Stored data entries:
= Beginning of Section =

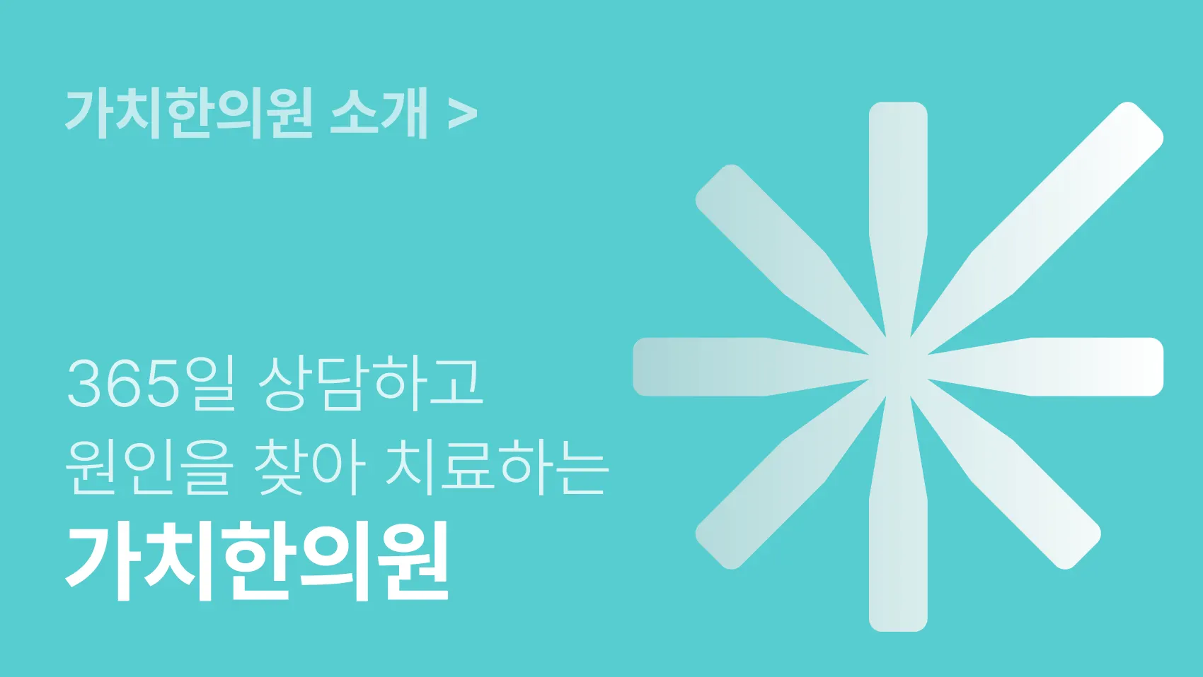 당신은 더 건강해질 가치가 있는 사람입니다. 몸과 마음의 건강함으로 당신의 가치를 유지하고 더해나가길 바랍니다. 내 몸에 가치를 더하는 방법을 찾는다면, 가치한의원이 언제나 함께 하겠습니다.
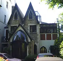 - St John's Wood: perhaps surprisingly, there is no mention of Lord's Cricket Ground, part of which had to be dug up in the 1890s to facilitate tunnelling for the Great Central Railway into Marylebone station.[3] Instead, Betjeman concentrates on St John's Wood as a Victorian suburb and, in particular, the former residence of a clergyman, John Hugh Smyth-Pigott,[4] "whose Clapton congregation declared him to be Christ,/a compliment he accepted". This house, situated in Langford Place, has since been the home variously of Charles Saatchi and of Vanessa Feltz;[5]
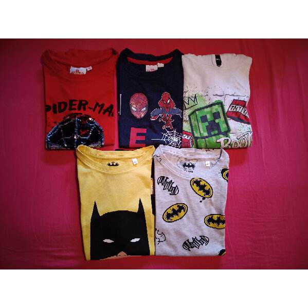 Wir bieten 5 T-Shirts für Jungen in Größe 128. Die T-Shirts haben die Motive: Spiderman, Batman & Minecraft zum Tausch an.
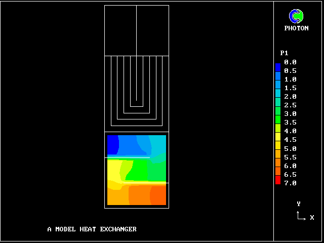 A series of PHOTON plots describe the fluid movements and temperature distribution in model heat exchanger.
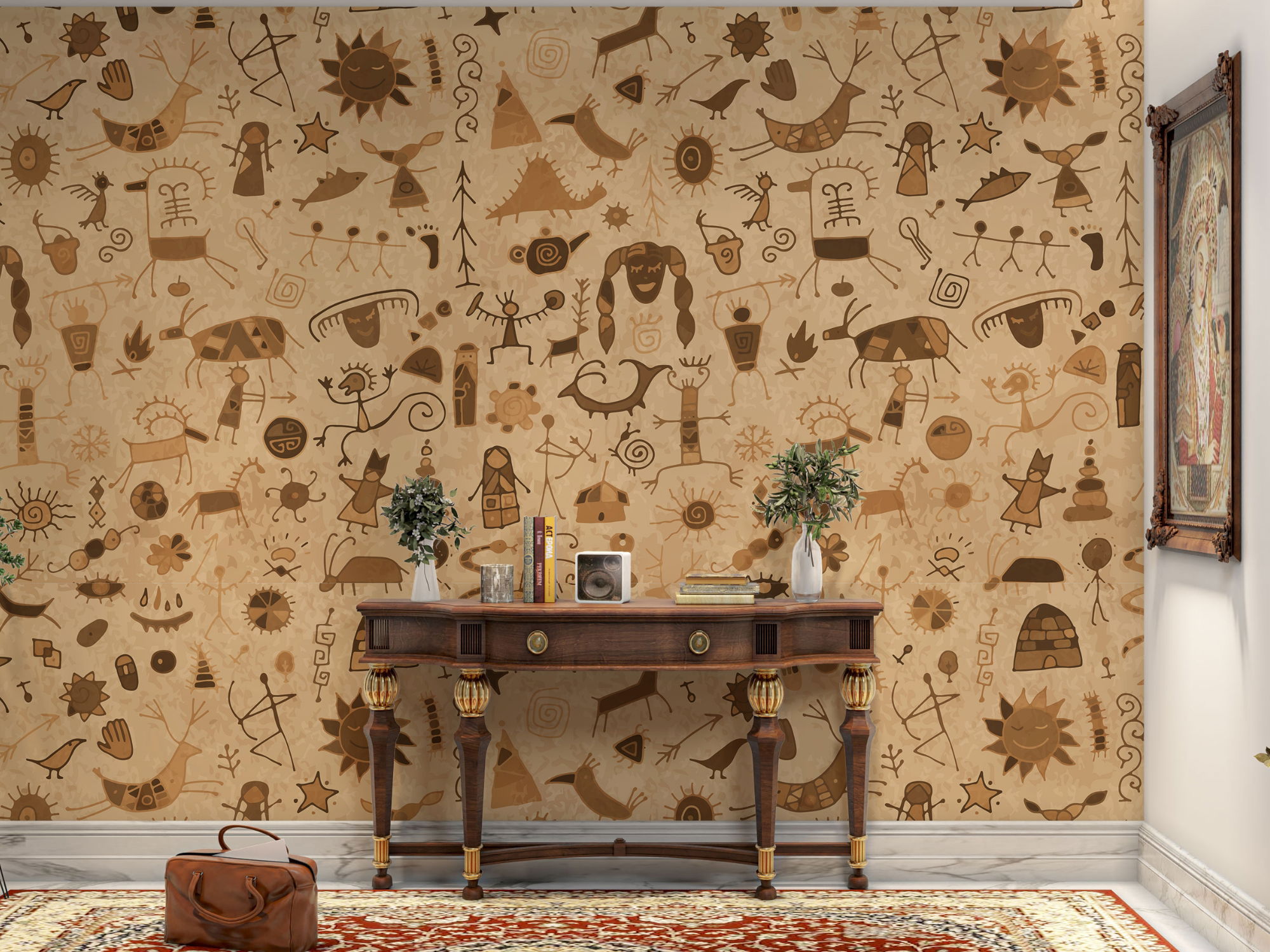 Warli art wallpaper represents one of India’s most iconic tribal art forms, characterized by simple yet expressive stick figures and geometric patterns. This style is perfect for adding an artistic, handcrafted feel to your walls without overwhelming the space. Because Warli art wallpaper uses minimal colors, often monochromatic white on earthy backgrounds, it works well in modern homes seeking a connection to traditional Indian aesthetics. It also offers a subtle warmth, making it ideal for bedrooms, dining areas, or hallways where you want to evoke a sense of calm and groundedness.
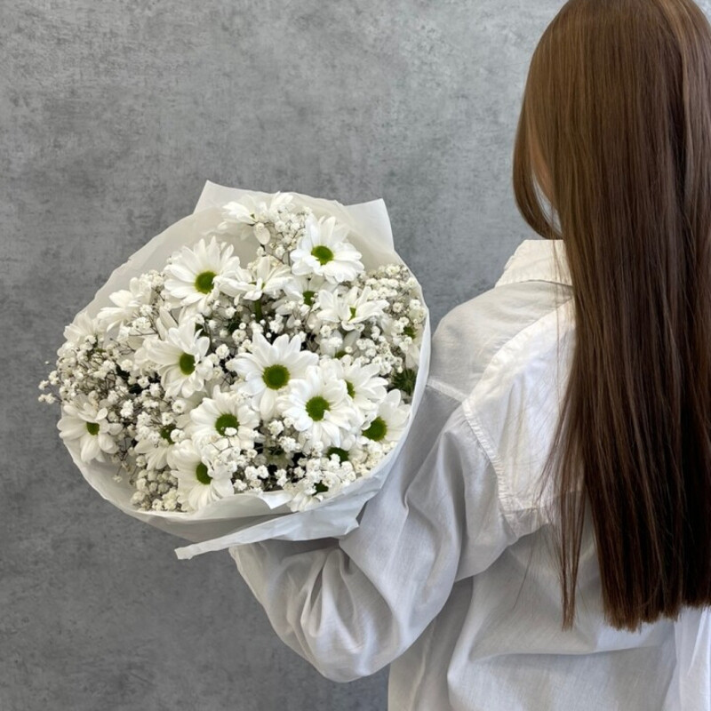 - Belij nezhnij buket s romashkoj i gipsofiloj
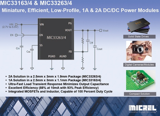 Les MIC33163/4 et MIC33263/4 de Micrel sont des modules de 1A ou 2A proposés dans des boîtiers de 2,5x3x1,1mm ou 2,5x3x1,9mm.
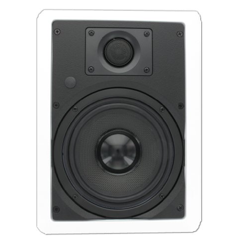 Theater Solutions by Gold wood Pair of In-Wall Speakers are newly designed for consumers who demand powerful bass in a compact package. High quality, lush bass and a full bodied sound at an affordable price. These speakers are perfect playing movie soundtracks or Mozart sonatas. Made with only the highest quality, moisture resistant materials to deliver unsurpassed sound in any listening environment. Sophisticated design and measurement equipment, including computer assisted design software were used to design these speakers to achieve an optimized balance and interface between components to give better quality performance and longer life. Their easy in-wall installation and ultra wide sound dispersion design make them ideal for discreet, single or multi-room installations. All of Theater Solutions models feature the latest swing-out dog leg mounting system for easy installation; paintable white aluminum grills that offer added rust protection in moisture-prone areas such as bathrooms, kitchens and saunas; as well as a fabric scrim inside the grill that hides the drivers from view and will not interfere with the sound. The woven Kevlar 6.5″ driver was designed for extended throw providing a full range of tones coupled with bullet-proof, time-tested toughness. The 1 inch pivoting silk and titanium dome tweeter pivots to direct sound at listeners, and its back chamber smoothest and extends its performance. All of these state of the art components and infra-red knock outs for remote control possibilities all add up to superior quality and design at a value that is second to none! Great symphony sound when used in conjunction with Theater Solutions in-ceiling speakers!
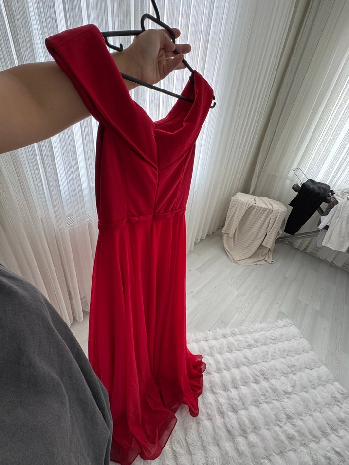 V yaka ve drapeli tasarıma sahip, parlak kırmızı renkte, kolsuz ve vücuda oturan midi uzunlukta abiye elbise. Düğünler için uygun. ✨
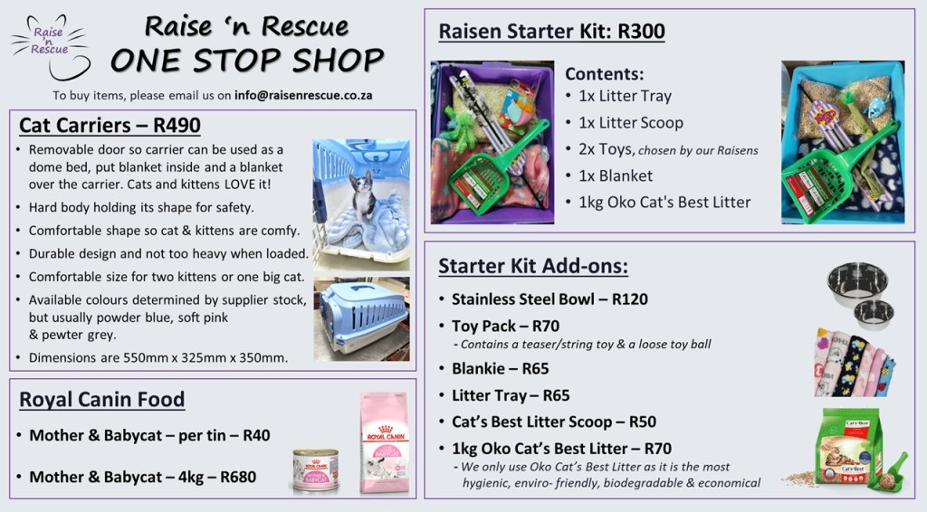 Whilst we truly understand that adopters are generally in a hurry to get their kittens home, we appreciate that you understand we can only send them home once they are ready. When a kitten is healthy and the ideal sterilisation weight of 800g, then they will get sterilised and soon after that we send out the collection emails. Because our kittens’ readiness is not determined by age, but by weight, we cannot give an estimation of time as we are dependent on a kitten’s biology. Kittens also need to remain in care with their siblings and mother (where possible) to learn certain very important behaviours so they can be well adjusted cats in their new homes.

= End of Section =

- Problem to work on -
An answer containing only the lines from the one holding "V yaka ve drapeli" through the close of the entries above, reproduced exactly and stripped of pictures, is expected.

- Written reply -
 V yaka ve drapeli tasarıma sahip, parlak kırmızı renkte, kolsuz ve vücuda oturan midi uzunlukta abiye elbise. Düğünler için uygun. ✨
 Whilst we truly understand that adopters are generally in a hurry to get their kittens home, we appreciate that you understand we can only send them home once they are ready. When a kitten is healthy and the ideal sterilisation weight of 800g, then they will get sterilised and soon after that we send out the collection emails. Because our kittens’ readiness is not determined by age, but by weight, we cannot give an estimation of time as we are dependent on a kitten’s biology. Kittens also need to remain in care with their siblings and mother (where possible) to learn certain very important behaviours so they can be well adjusted cats in their new homes.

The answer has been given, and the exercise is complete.